STUDY MATERIAL section start
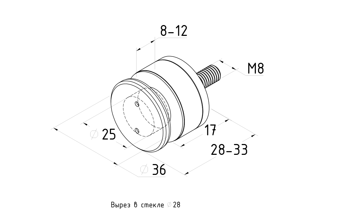 Ø36x28х40 мм отверстие в стекле 26-28 мм винт М8 х 65, шаг резьбы 1.12 (DIN 6912)
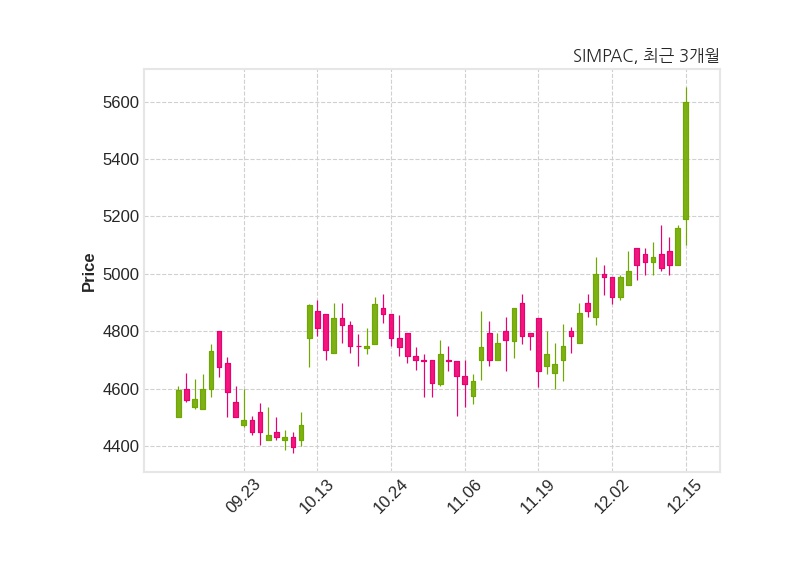 한편, SIMPAC은 장 마감 이후 해당 기업공시를 발표했으며 오늘 종가가 5,600원, 거래량은 636,500주로, 직전 거래일 대비 440원(+8.53%) 상승했다.
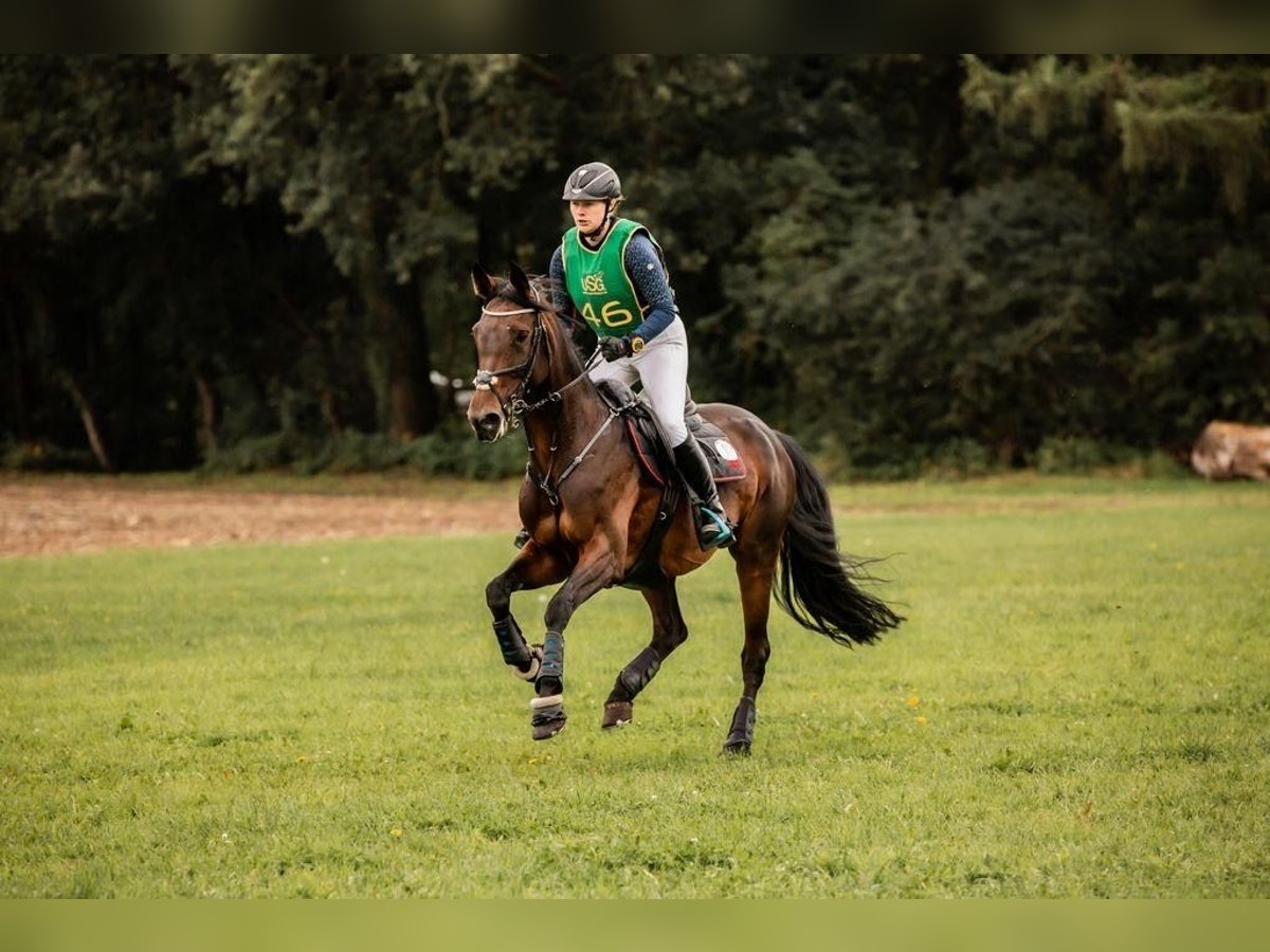 We are selling an Oldenburg mare who has already proven herself several times in competition - in all three disciplines. However, her strength lies in eventing, especially cross-country. She has a successful track record in eventing up to medium (M*) and medium (M**) level. She has achieved consecutive clear rounds in cross-country. In show jumping and dressage, she has been victorious and placed in elementary and advanced classes. This sensitive and willing mare always wants to do everything right. She has developed extremely positively and also offers potential for higher tasks. She has shown her best side at numerous shows. Due to her experience and her successes, this dark bay and very pretty mare is also a recommendation for the demanding youth equestrian sport and should also be very valuable for breeding due to her interesting pedigree and her own performance ability. She is healthy, well trained and ready for new challenges. If you are interested, we look forward to hearing from you to discuss further details and arrange a viewing. Further information, photos and videos can be found on our homepage www.dressurpferde-kroehnert-kneese.de
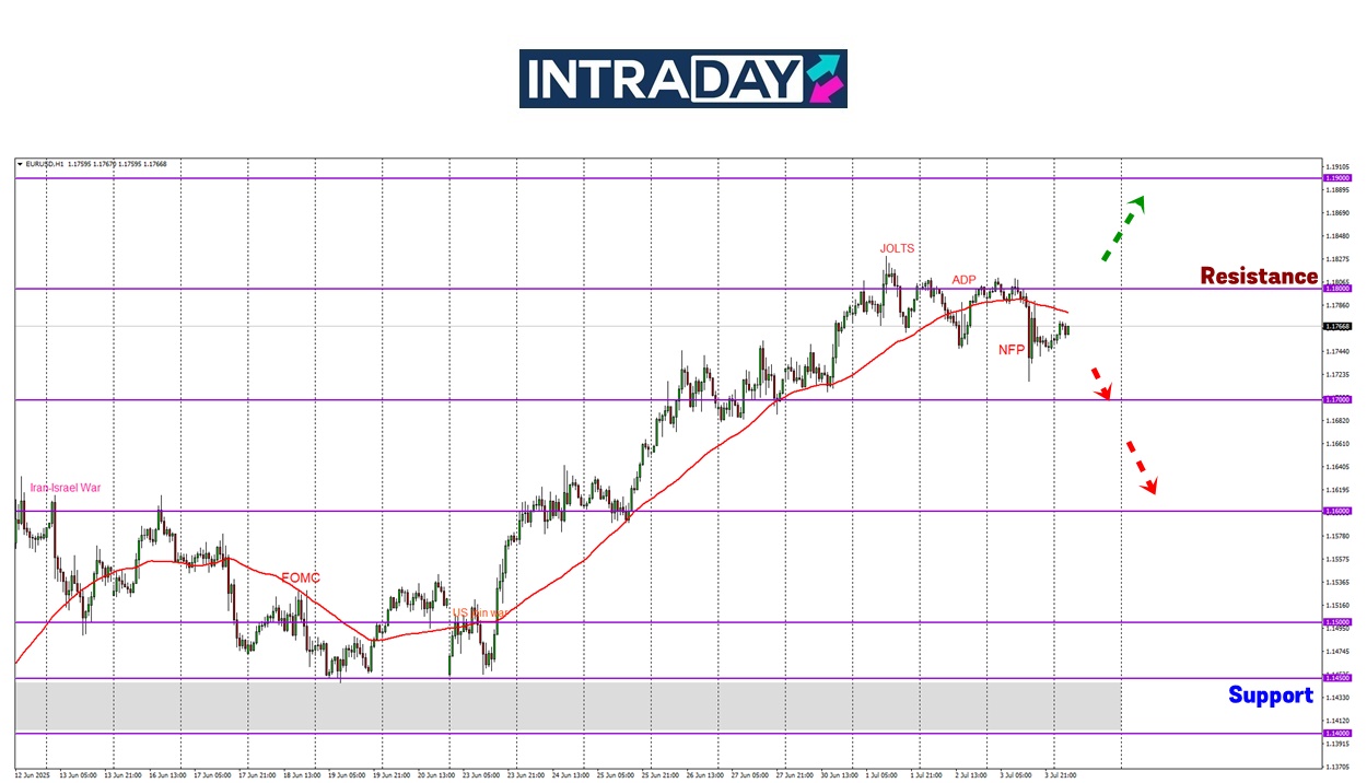 Jika dilanjutkan penurunan lebih rendah, harga bakal menguji zon tumpuan minggu lalu iaitu pada 1.17000.
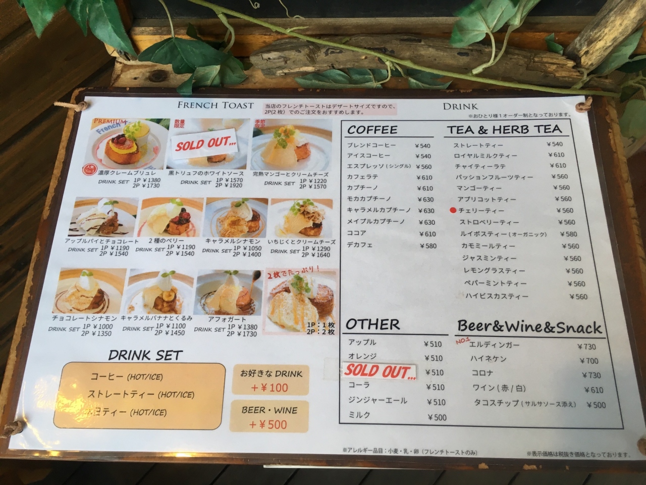 私たちは、フレンチトースト2Pのドリンクセットを4つと単品のドリンクを5つ注文して、フレンチトーストの方は9人でシェアしました。
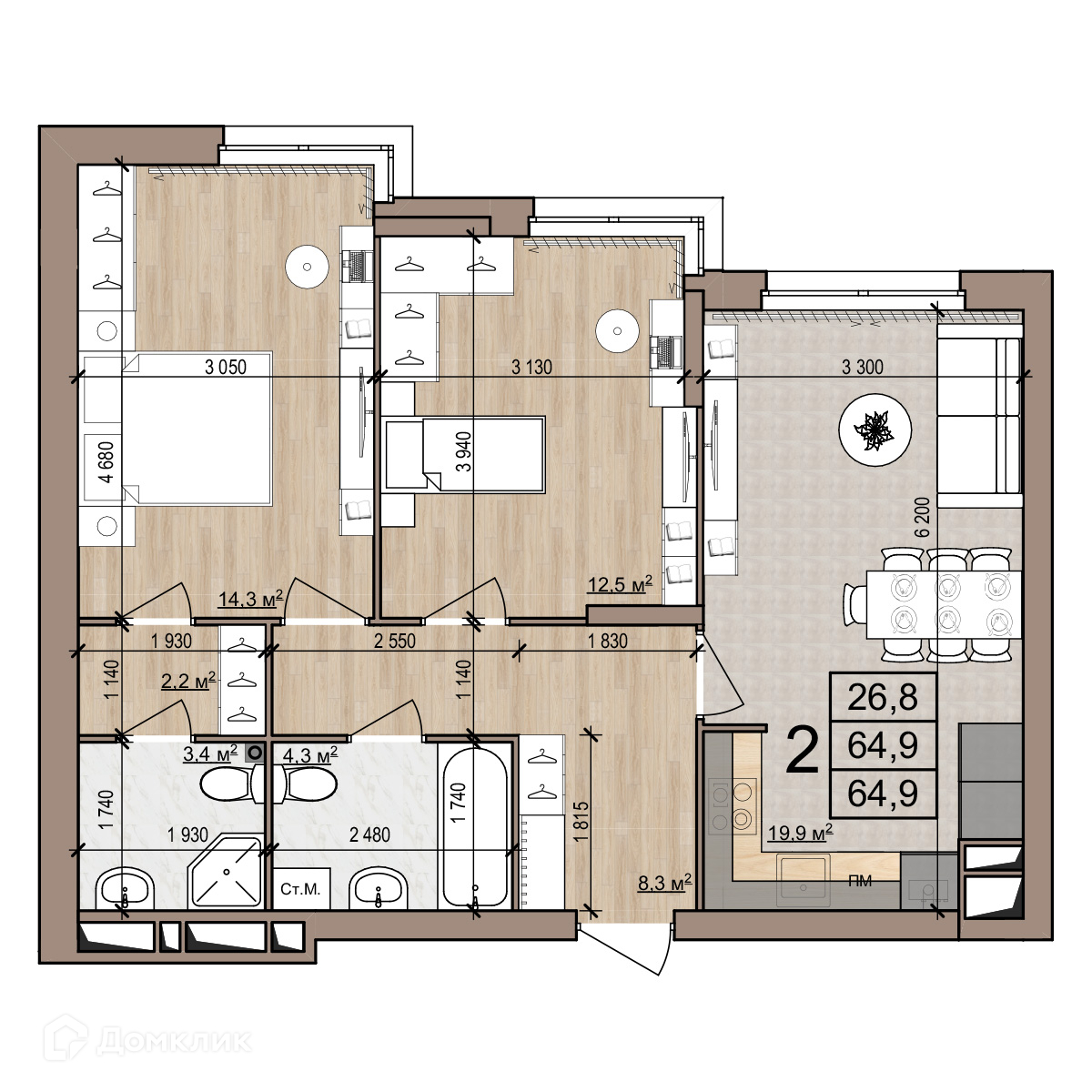 - Общая площадь: 64.9 м²
STUDY MATERIAL section end
## [ASSIGNMENT]
Skip all pictures. Write out only the lines from the one containing "私たちは、フレンチトースト2" to the end of the listing above, inclusive, exactly as given.

## [OUTPUT FOR THIS EXERCISE]
 私たちは、フレンチトースト2Pのドリンクセットを4つと単品のドリンクを5つ注文して、フレンチトーストの方は9人でシェアしました。
 - Общая площадь: 64.9 м²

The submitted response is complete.